I mean, of course it’s good advice to use your damned resources wisely in an emergency! But just saying that doesn’t help. Without a plan, we were just working our way through a line, or really more like a crowd, without any thought of triage or priorities or anything. You knew as you were doing it that it was bad, but what could you do? There was always a next person to help.

You know what would have been useful in that damn disaster plan? Strict, functional checklists and lists of steps and such. Concrete plans for a chain of command. Clear lists of what to do and what our priorities should have been. And I’m just talking doctor and nurse time here, as far as waste goes. I know we had critical problems with supplies and such, but I was too focused on patient care to really know what was going on there.

  1. I have to go do rounds. Good luck. Yikes. I’m all anxious just thinking about that again.

Megan Campbell

RN

Oh, I remember the night of the derailment really well. I’ll never forget it. I was off that night, out for dinner with my family. Heard the boom and the word spread through the Pizza Hut about what had happened pretty quickly. I kept expecting a call telling me to come in to the hospital, but none ever came. After maybe ten minutes of that, I figured I’d better just come in on my own. It was pretty clear there were going to be a lot of people moving through the hospital.

I guess that was a little bit of a failure, but it’s nothing compared to what I saw when I showed up at the hospital. I just hustled into the ER and started helping out. It wasn’t clear who was in charge, and nobody was making any decisions. People just started piling in with burn wounds, smoke inhalation, blunt trauma from the explosion, you name it. And we were just dealing with them first-come, first serve, more or less.

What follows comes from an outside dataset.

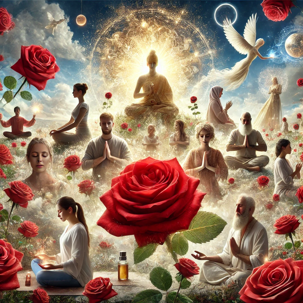 This image represents a serene and transcendent vision of individuals harmonizing with the spiritual and mindfulness benefits of red roses. The polished composition emphasizes divinity, enlightenment, and personal growth, with glowing light and detailed depictions of meditation, prayer, and rose-infused practices.

Just working our way through the room while people kept coming in and piling up. I knew that this wasn’t the right way to be doing this – heck, we all knew – but the room was too chaotic for anyone to take a second and say “stop” and impose some kind of systematic approach. I don’t know for sure if any lives were lost because of the muddle, but I know people with some very serious injuries suffered a lot longer than they needed to while we were treating people with minor sprains and contusions who’d just happened to get to the ER a little earlier.

Hope this helps!

Courtney Donovan

M.D.

I can’t say that I feel great about the state of disaster planning here at the hospital. I know we keep talking about doing something, but it never seems to get any further than talk. I mean, no offense, but I think this is the third time since the derailment that someone has tried to talk to me about lessons learned. There’s a point where just that repetition makes it clear that no lessons have been learned.